Out of breath and tired, we reached peña’s peak, and sat, looking out over the puebla. To the east, I saw a coalmine, to my right, there was a shrine on the mountain for those who had died on it.
I felt like I should say something like “We made it!” But instead the silence of the rock froze me and I did not know what to say to my companion. I began to feel out of place, like I had blindly journeyed with someone and had forgotten to ask their name and then arrived, only to sit in silence.
I had known Jose, but I had known him in another life in a snowy city where we worked together in a grocery store. I hadn’t been friends with Jose. We were cordial at work and I would ask him for bruised apples to take home for free, but other then that, we had never really talked.
For me, Jose was one of the hundreds of faceless, nameless Mexican workers we see in every city in America.
When we got home, he said he had to go to work – selling water – and said he’d drop me off with Araceli and Jorge.
Araceli worked nights with me at the Lakewinds. I knew Araceli as the kind of woman who, instead of showing pain or fatigue, exhibited endurance and courage with a laughing grin. She had a lot of energy to clean and cook at work and I knew she had two kids at home to care for.
Her husband, Jorge was a goofball.
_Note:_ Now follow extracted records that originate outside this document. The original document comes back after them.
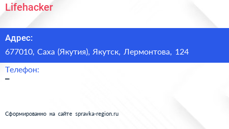 Lifehacker по адресу 677010, Саха (Якутия), Якутск, Лермонтова, 124 в дальнейшем Организация, размещена в следующих категориях:
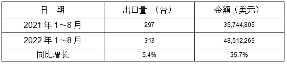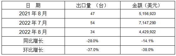 1-8月冷室压铸机共计出口313台,同比增长5.4%。其中:8月份出口34台,同比增长-28.0%,环比增长-37.0%,见表9和表10;
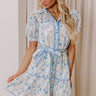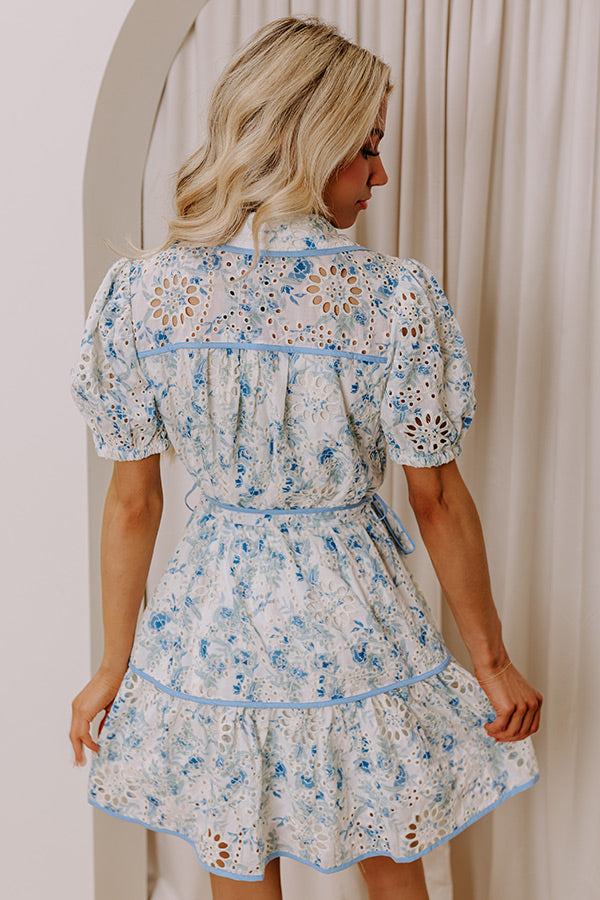 - Make a charming impression with this darling mini dress! Perfect for embracing floral season, this cutie has sweet eyelet material and a flattering belted waistline to keep you looking fabulous. - Eyelet material with cream colored embroidery featuring a pear, and blue hued floral print - Blue hued accent trim - A built-in lining - A collared neckline - A buttoned front - Belt loops and a removable tie closure belt - Short puff sleeves with elastic cuffs - A flattering silhouette that ends in a mini dress length hemline
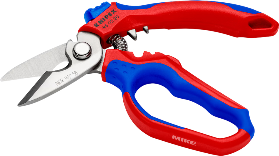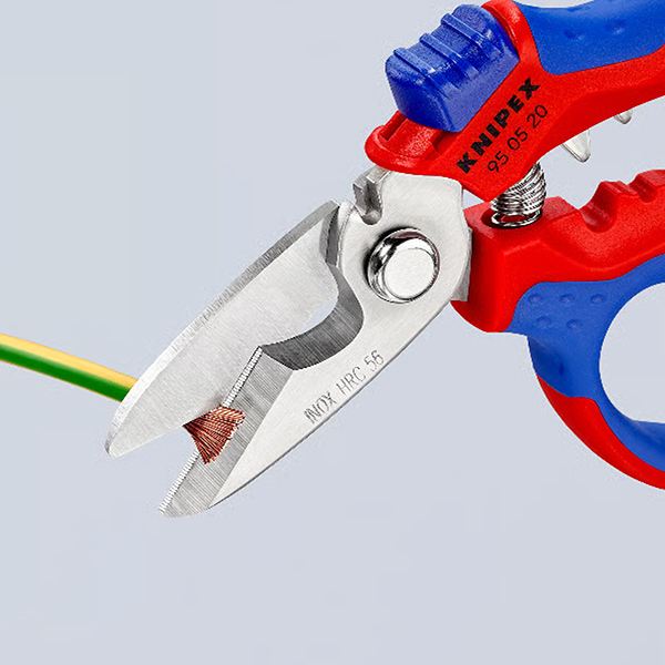 Kéo thợ điện mỏ cong Knipex 95 05 20 SB cắt dây mềm Ø đến 15 mm, lưỡi nghiêng chống trượt, bấm cos 0.5–25 mm². Lưỡi thép không gỉ cứng 56 HRC, có lò xo mở và khóa gập.

He dubbed the white dishwasher at Lakewinds, Paul, “Pablo,” and often mocked the management’s strict rule of writing the name of the salad on top the dish by labeling tuna salad “spaghetti,” enchiladas as “tomato soup,” and so forth.
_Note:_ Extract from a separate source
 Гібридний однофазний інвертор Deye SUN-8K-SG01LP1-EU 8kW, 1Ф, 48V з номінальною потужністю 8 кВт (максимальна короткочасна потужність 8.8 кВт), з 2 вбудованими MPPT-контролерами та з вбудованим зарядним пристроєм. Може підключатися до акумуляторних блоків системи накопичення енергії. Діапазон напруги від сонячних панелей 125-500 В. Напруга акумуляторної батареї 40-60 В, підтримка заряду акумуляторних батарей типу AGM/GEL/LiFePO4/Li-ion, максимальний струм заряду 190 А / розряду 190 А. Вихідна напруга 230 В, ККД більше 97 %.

Araceli worked nights and Jorge worked days and they made it work. They bought a house, and in the sixteen years they lived in Minnesota, had three children who went to public schools.
I found Jorge, Araceli and their three children digging out a dirt hole alongside a dirt road in the desert.
When I saw them, I felt excited right away, like I could not possibly say or ask enough. I shed the dissonance I had felt with Jose and talked and talked and talked.
I updated them on others we had worked with, I told Jorge that Paul/Pablo, who is developmentally disabled, had been moved out of the kitchen since he had problems focusing after Manuel left and was now Lakewinds’ janitor. I asked about their children, I told them about my family, and, at last, I saw the baby that had grown inside of Araceli’s belly while we worked together.